Balkinization  

Friday, June 03, 2005

Can the State Constitutionaly Regulate Fraudulent Inducement to Associate?

Ian Ayres

Lots of people responded that requiring a private conversation between a discriminatory organization and its potential members would unconstitutionally chill the associational rights.

But this ignores the unavoidable default nature of speech/silence. Our contractual silences always have some default meaning. Right now in New Jersey, if a private organization remains silent about discrimination when speaking to its members, this means they retain the option of discriminating on the basis of sexual orientation. There is no constitutional reason why the New Jersey legislature can't flip this default. They could ordain that private organizations that fail to privately disclose (and obtain acknowledgements about) their policies that are in derogation of general civil rights restrictions will be deemed to accept those restrictions.

Either silence on the topic means that the organization retains the right to discriminate or they don't. Either default burdens associational rights in the sense that it forces orgs that want the opposite treatment to speak. The current (discrim allowed) default burdens the associational rights of groups that don't want to discrim because they are forced to speak to get what they want. So at first cut the Constitution doesn't have a way to prefer one vs. the other. But here are two arguments for switching to the non-discrim default. 1. Most orgs prefer non. discrim default so as an empirical matter we are forcing less speech; and 2. The non-discrim default is consonant with a state law of general application -- so that we are only forcing orgs that want rights in derrogation of general state policy to speak.

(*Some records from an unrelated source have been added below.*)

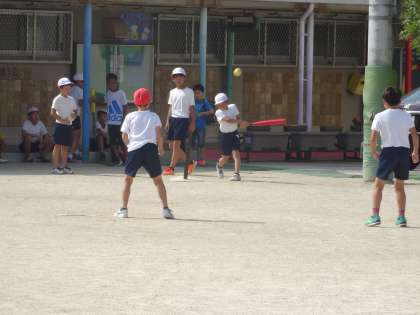 青空スポーツクラブでは,ピッチャーのいない野球みたいなゲームをやっていました。
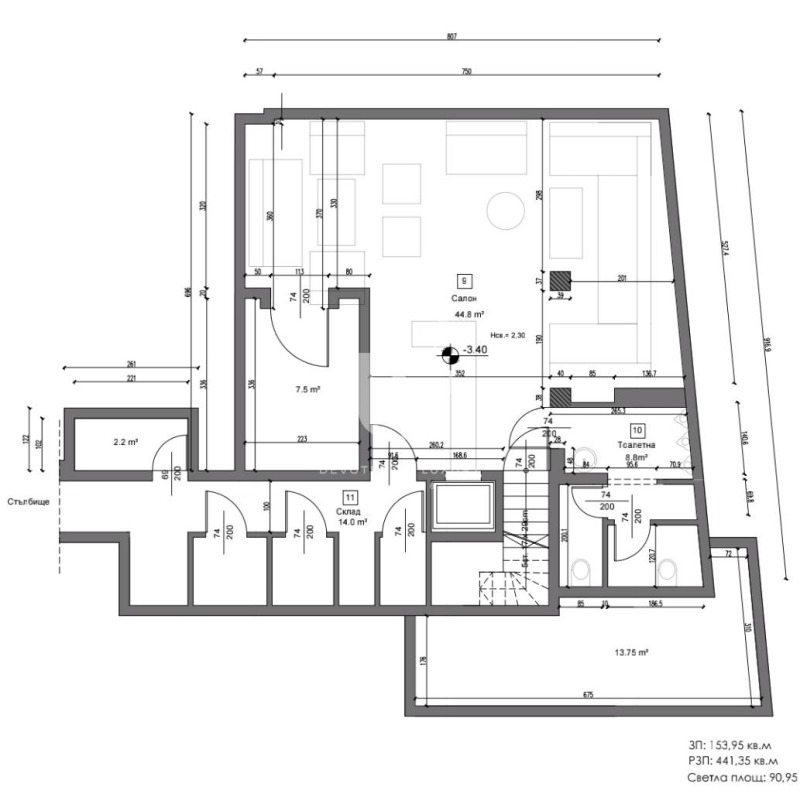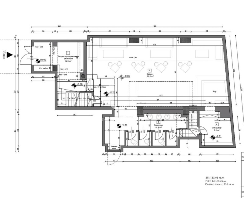 Имотът разполага с просторна зала, включваща обособена зона за бар и места за клиенти на две нива. Подземното ниво предлага пространство за кухня с възможност за вътрешен асансьор или допълнителна зала за гости, а санитарните възли са предвидени както за клиенти, така и за персонала. В имота е включен офис с излаз към покривна тераса, а складовото помещение е удобно интегрирано в обслужващата зона за максимална ефективност. Вторичен коридор свързва обслужващи помещения, а служебният вход и зона за зареждане. Ref. ID:26595
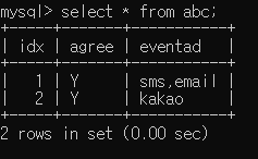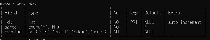 create table abc( idx int(5) not null auto_increment, agree enum('Y','N') not null default 'N', //radio eventad set('sms','email','kakao','none') not null, // checkbox primary key(idx) ); ▼ insert into abc values ('0','Y','sms,email'); // 복수 선택 가능 insert into abc values ('0','Y','kakao');
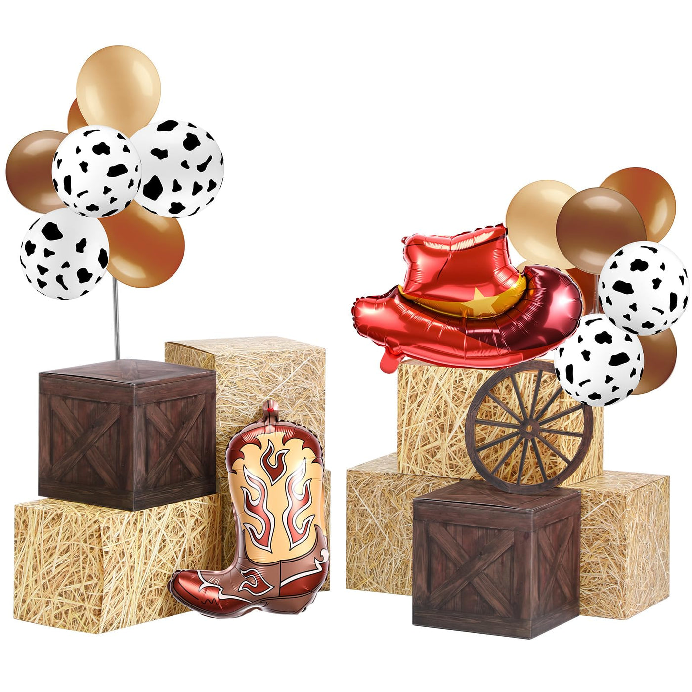 Hollowfly 27 Pcs Western Cowboy Party Decorations, Hay Bales Boxes Wood Grain Boxes Inflatable Cowboy Boot Hat Balloons Wheel Ce
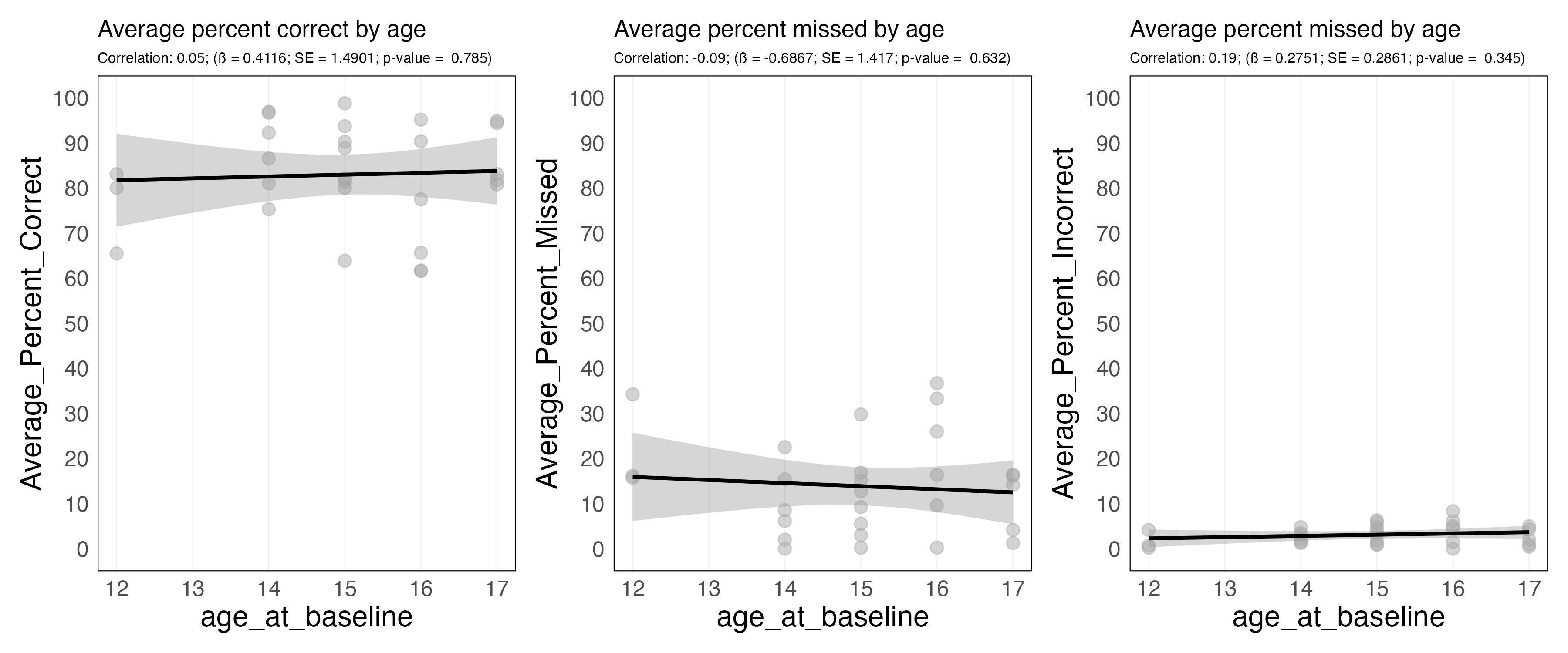 It is important to note that we do not have a uniform distribution of age in the present sample. All the the subjects (with the exception of 3) are between the ages of 14 and 17. We therefor only have a tight age range to examine, which may limit our ability to observe age effects.
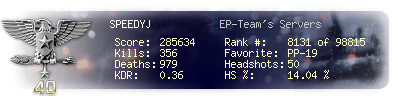 | Kill-streak | 5 | Death-streak | 27 | Team Kills | 0 |
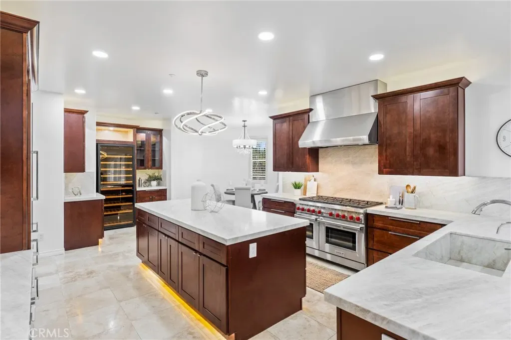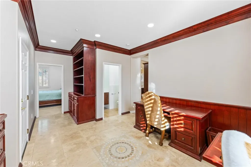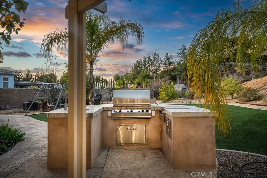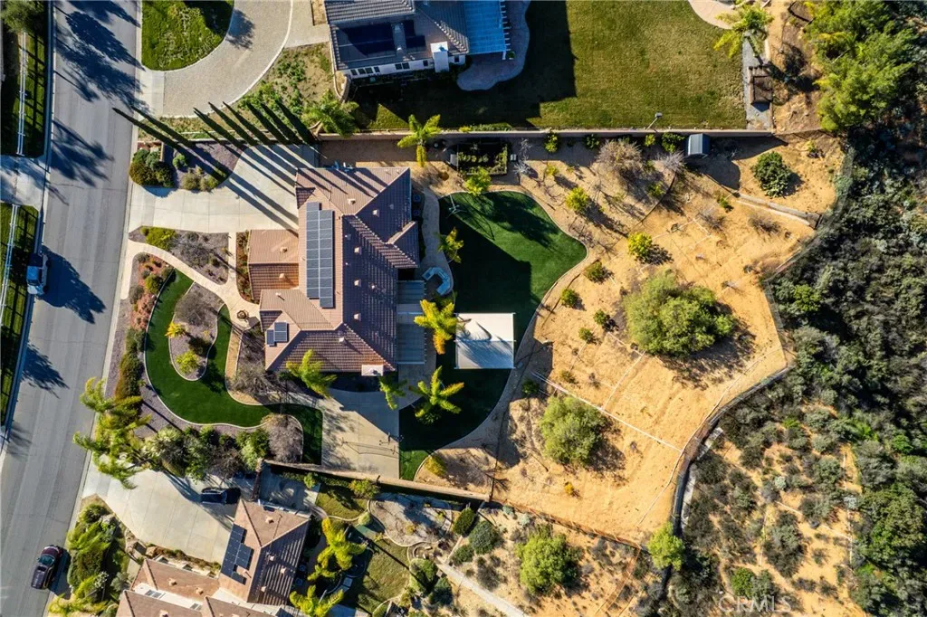 Total privacy and peace surround this charming home in a prestigious South Redlands neighborhood. This contemporary Spanish-style two-story has a comfortable and convenient layout that is perfect for families. Front and back all-season landscaping ensures a beautiful yard throughout the year. Walk through the stately front door and into a travertine-tiled entry. The space immediately opens up to reveal two-story ceilings, modern light fixtures, and a spacious living room. Luxury upgrades and high-end finishes are everywhere here. Flex your creative culinary skills in a spacious, modern kitchen with sturdy Taj Mahal Quartzite countertops and a huge island. Enjoy your own Wolf 8-burner range, a custom-built-in Sub-Zero fridge, and a large contemporary wine fridge from Wine Enthusiast. A huge office with wood built-ins opens up plenty of options for work-from-home or personal projects. Adjacent to the office is a convenient guest bedroom with an ensuite bathroom. Upstairs, the primary suite offers plenty of space and a second fireplace. The primary bath features a modern jacuzzi tub, walk-in shower, one of two bidets, an elegant vanity, and double sinks. And while every bedroom has its own walk-in closet, the walk-in primary closet is the pinnacle of luxury for the individual with sartorial taste. It sports floor-to-ceiling cedar lining that absorbs odors and helps protect your most treasured items from pests. Smart features in the home include a Nest thermostat and a Ring system. You also get a reverse osmosis and alkaline water softening system! The backyard offers recreation, a sports court, a covered gazebo lounge area, an outdoor kitchen and barbecue, and a sprawling garden of fruit trees. Watch the game on TV while lounging under the gazebo in front of an outdoor fireplace, while your barbecue chef prepares the gameday feast. Or cultivate your walkable garden of apple trees, pomegranates, avocado trees, and more! Paid solar with battery-storage credits. Historic Downtown Redlands, Caroline Park, and Redlands Country Club are just a short drive away. Hike the nearby Creekside Trail or Carriage Trail. Part of the highly-rated Redlands Unified School District.

There is however a continuing concern that our in camera review mechanism may fail and that the public would learn the names of members. One commentator chillingly asked: "Have you forgotten that the membership records kept by gay organizations during the Weimar era were seized by the Nazis when they came to power, and used to help round up homosexuals?"This is an important concern. And maybe we should back away from even in camera review. Readers of this blog know that information tends to find ways to be set free. So imagine two different ways to induce the private conversation between the boy scouts and its potential members:1. If sued an organization would have a duty to prove by a preponderance of the evidence that it had a general policy of disclosing its policy to prospective members and receiving their written acknowledgements. They would not have to retain the acknolwedgements. The organization might be able to establish the general policy through testimony and it might be rebutted by counter testimony.
2. The state might create an action for "fraudulent inducement to associate." This might be a private right of action for people who were induced to join an organization without ever being told that it discriminated. Besides the victims of discrimination, there are people like myself who feel injured by learning that we unwittingly associated with a discriminatory organization.

It might even be constitutional to hold a church liable for fraudulently inducing membership Didn't Hakeem Olajuwon unwittingly give to a mosque that was supporting terror? A central idea here is that we have constitutional pricniples on both sides of the question.

Comments:

And maybe Yale and Harvard should be required to include in each and every one of their endless solicitations of alumni donations a bold face statement that they discriminate against military recruiters. Don't expect the author to endorse this sort of diclosure.
 

T. Gracchus's argument makes a good point that the two defaults are asymmetric with regard to potential legal liability. But they are symmetric with regard to the issue of informed assoication itself. The current default burdens people who want to associate with non-discriminatory organizations, because it forces these people to have to listen to or elicit a conversation about whether the organization has a non-discrimination policy. As a theoreticaly matter, this might chill some association just as much as the reverse default might chill association. Gracchus says -- "Organizations that do not wish to discriminate need not say anything at all beyond ordinary organizational speech" But this is not true if the organization wants to gain participation of people who care strongly about equality. The current default forces an "Ask/Tell regime" where either the equality minded member must ask or the organizationt trying to win thier association must tell.